=== Section Start ===

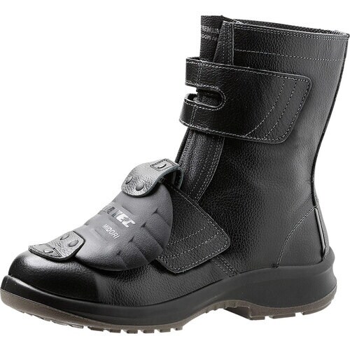 落下物から足の甲を保護する軽量な樹脂製甲プロテクタ付きです。落下物の衝撃は先芯へ導かれ、甲プロテクタの変形によって吸収されます。内側にパッチ革(当て革)が付いています。 |
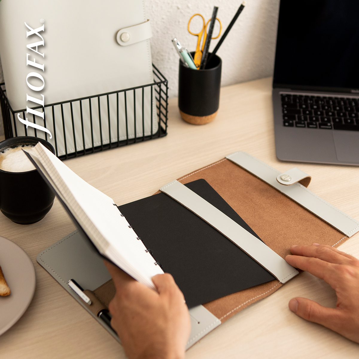 A nagy sikerű Original Filofax A5 méretű mappa változata, cserélhető lapos Notebook betéttel.
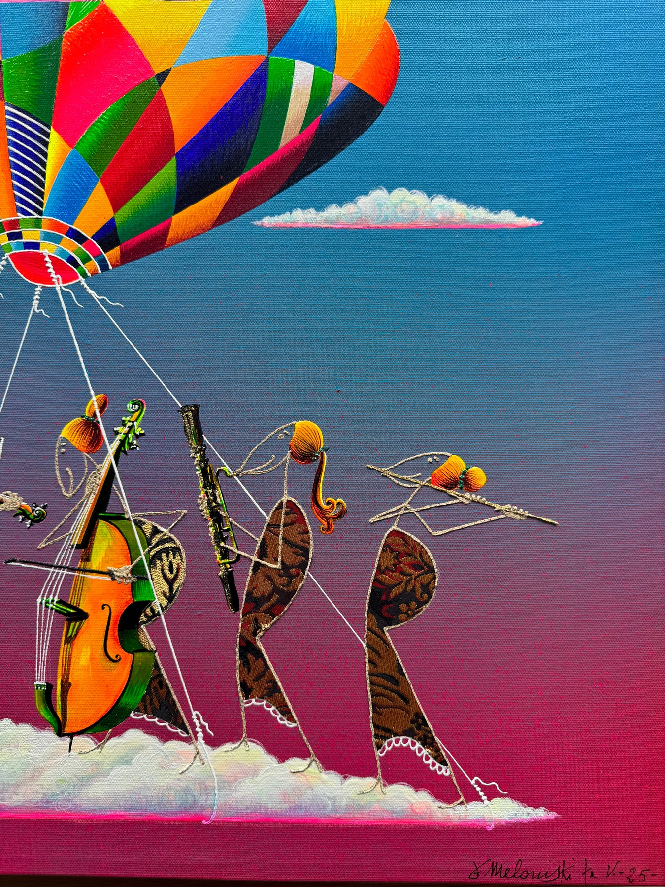 In quest'opera, un gruppo di musicisti sembra sorvolare un cielo vibrante di colori. Il pallone aerostatico sopra di loro diventa un simbolo di libertà e fantasia, intrecciando il sogno di volare con la melodia suonata. Il contrasto tra il cielo nitidissimo e le figure stilizzate offre un’impressione di movimento armonioso, come se la musica stessa sollevasse il mondo nelle sfere dell’immaginazione.
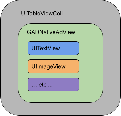 Ein einzelnes GADNativeAdView kann beispielsweise eine einzelne Instanz eines GADNativeAd darstellen. Jedes der UIView-Objekte, die zum Anzeigen der Assets der Anzeige verwendet werden, sollte eine untergeordnete Ansicht des GADNativeAdView-Objekts sein.
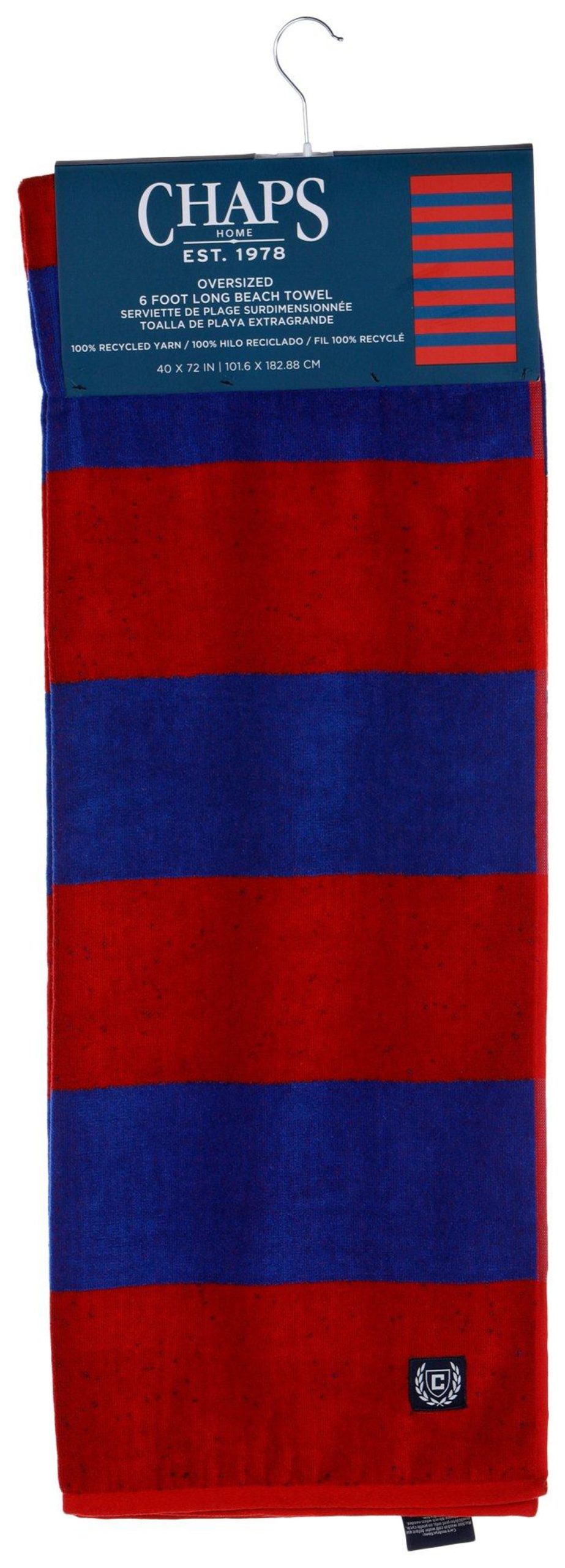 Make a sustainable choice with our oversized striped Beach Towel, crafted from recycled yarn for ultimate softness and absorbency. This towel features classic striped detailing, adding a touch of timeless elegance to your beach outings. Its oversized design ensures ample coverage, perfect for lounging or drying off after a swim. Enjoy the perfect blend of comfort and sustainability with this stunning towel! Measures approximately 40 in x 72 in.
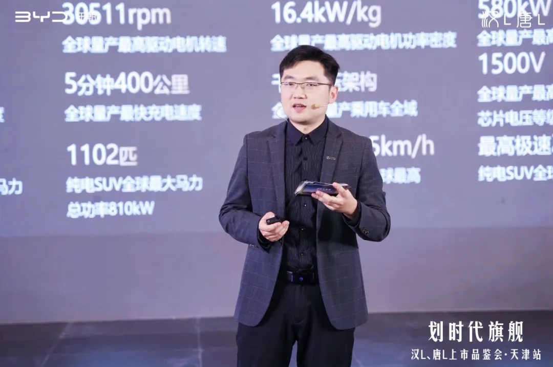 比亚迪王朝网唐系产品中心营销经理张宇飞先生,以专业的视角和深入的洞察,详细解读了汉L、唐L双旗舰车型的卓越性能、前沿设计以及智能科技配置。
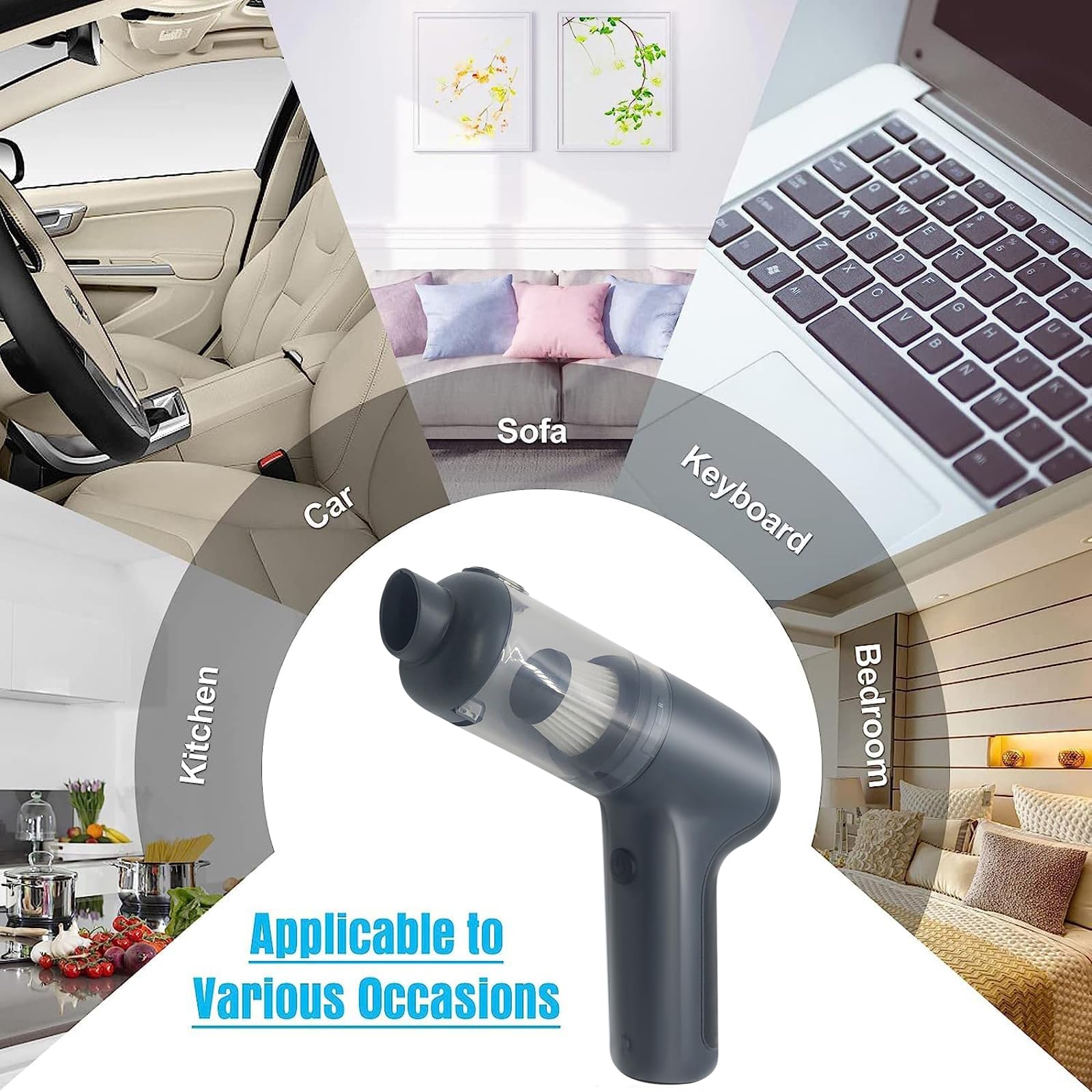 • ✅【LIGHTWEIGHT & PORTABLE】This high power car vacuum cleaner weighs only 385 grams0.85lb, you can easily clean it for a long time with the cordless handheld vacuum cleaner. The wireless design gives you ly to clean desktop, floors, carpets, sofa, keyboards and car interiors from dust. And the wireless hand vacuum cleaner has a compact design, which is easy to clean narrow areas , can be carried and d in your car, home and office without taking up any space at all
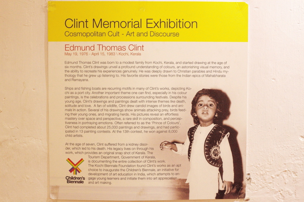 The Kochi-Muziris Biennale 2014 showcased an exhibition of select works of Clint during the inauguration of Children’s Biennale segment on December 16. The exhibition was held at the Cosmopolitan Cult - Art and Discourse Art Gallery. The gallery is situated inside Heritage Arts, an antique store in Jew Town, Mattancherry, that has attracted antique lovers and tourists from across the world.
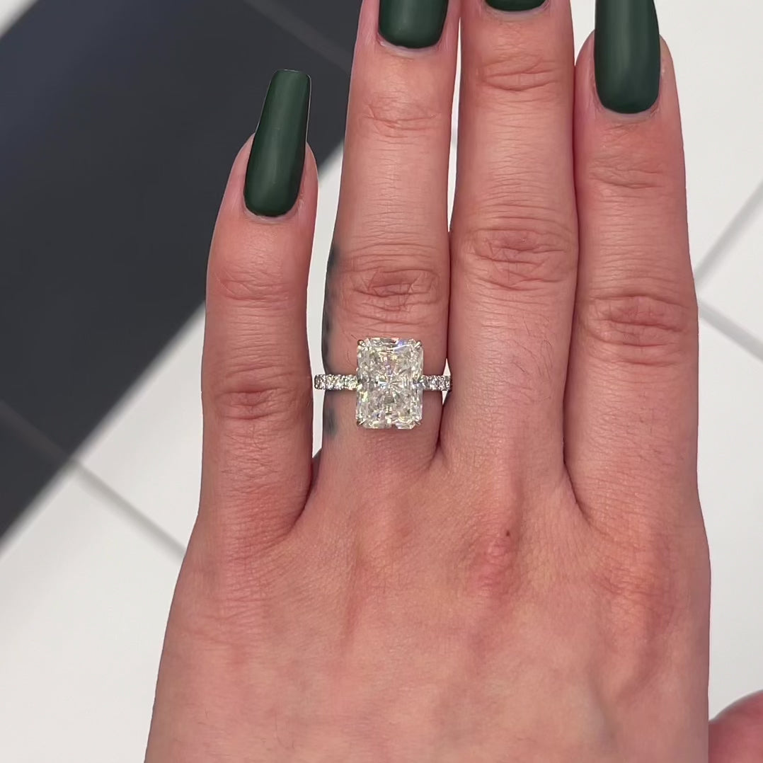 Excellent cut, polish and symmetry and is set in a classy side stones hidden halo setting in real, solid 14K gold. Classic claw prongs and a delicate basket setting securely cradle the center, allowing it to shine with maximum brilliance. This gorgeous ring showcases a breathtaking 5 carat radiant-cut diamond and features a hidden diamond halo. The band is masterfully set 3/4 of the way around with beautiful pavé lab-grown diamonds, completing the simple and elegant, yet eye-catching engagement ring! You may customize this item by choosing either 14K yellow gold, 14K white gold or 14K rose gold.
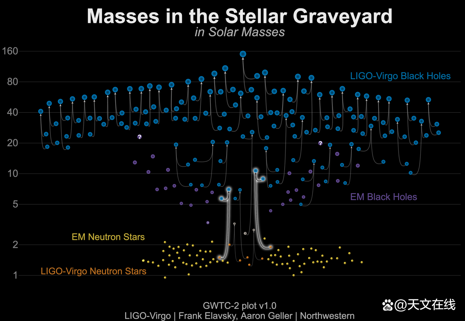 图解:这张图片显示了引力波探测器观测到的碰撞天体初始的质量和最终的质量。
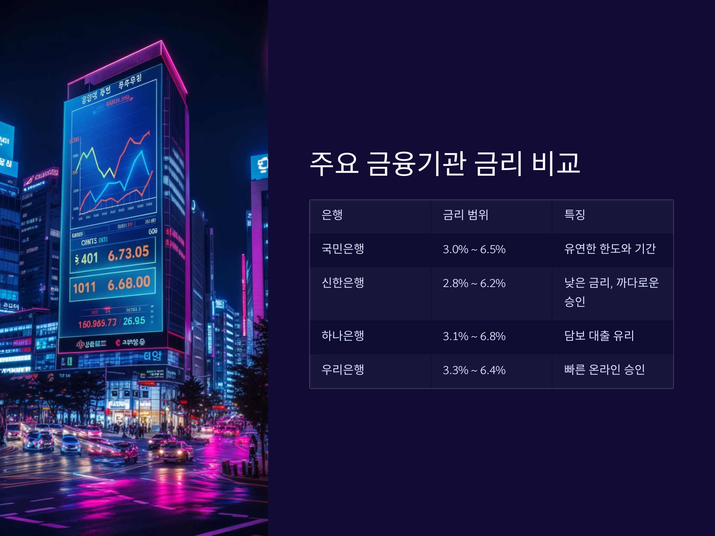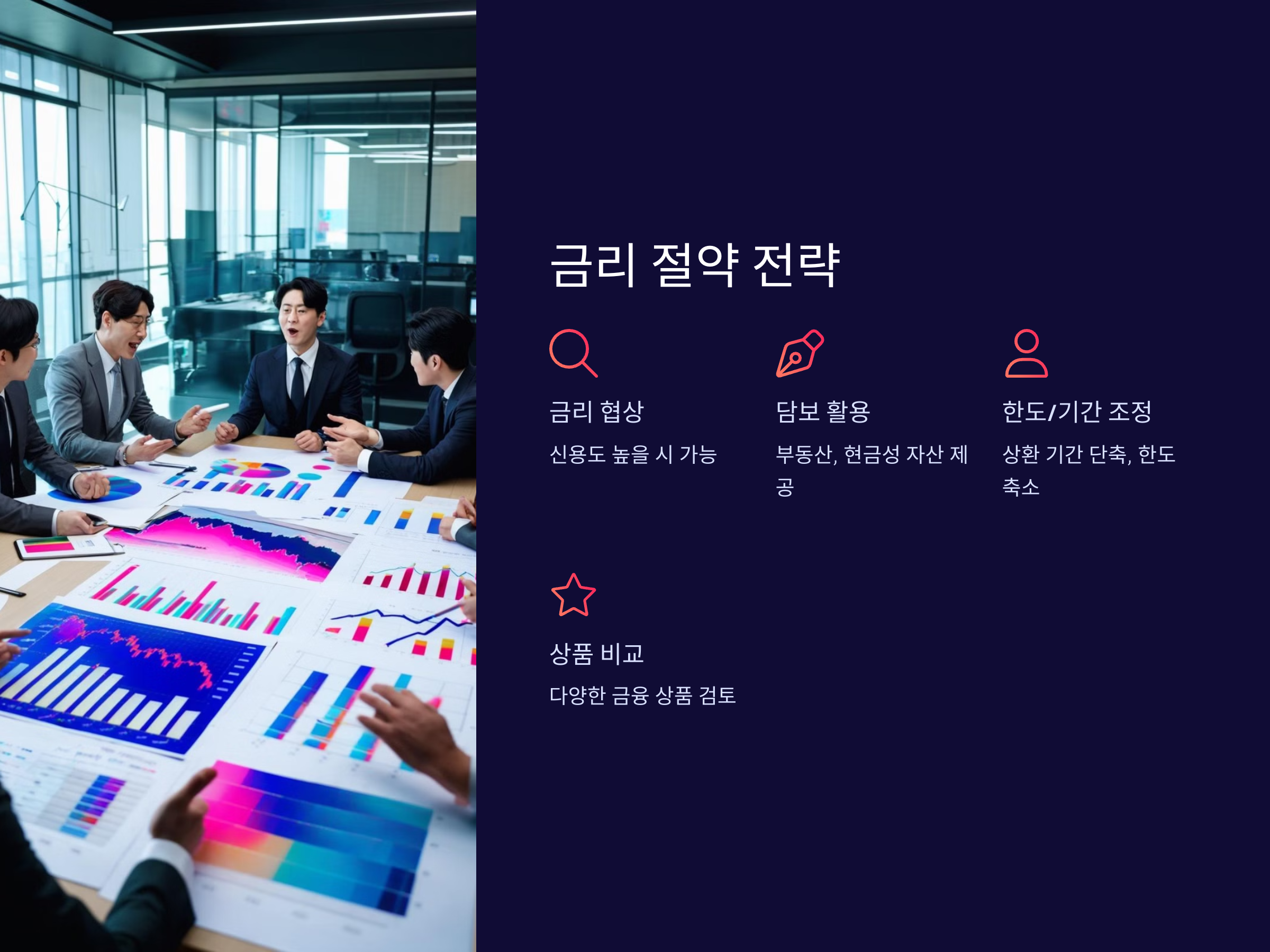 - 대출 조건: 금리가 낮다고 해서 무조건 유리한 것은 아닙니다. 대출 한도, 상환 기간, 추가 비용 등을 모두 고려해야 합니다.
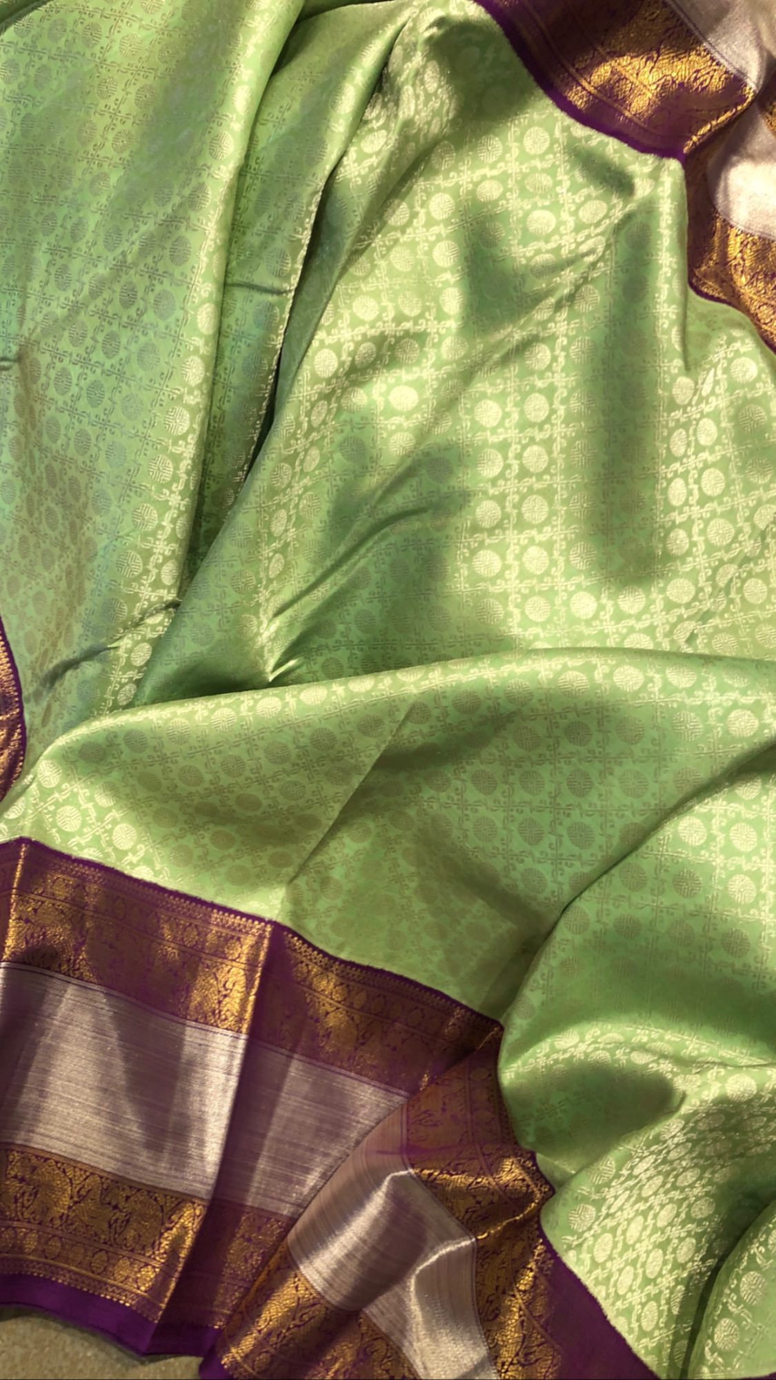 ग्रीन लीफ चेक्स पट्टू साड़ी

=== Section End ===

ASSIGNMENT » Return, unchanged, the lines from the first line of the material through the line that holds "A nagy sikerű", inclusive, omitting pictures.

ANSWER BELOW »
 落下物から足の甲を保護する軽量な樹脂製甲プロテクタ付きです。落下物の衝撃は先芯へ導かれ、甲プロテクタの変形によって吸収されます。内側にパッチ革(当て革)が付いています。 |
 A nagy sikerű Original Filofax A5 méretű mappa változata, cserélhető lapos Notebook betéttel.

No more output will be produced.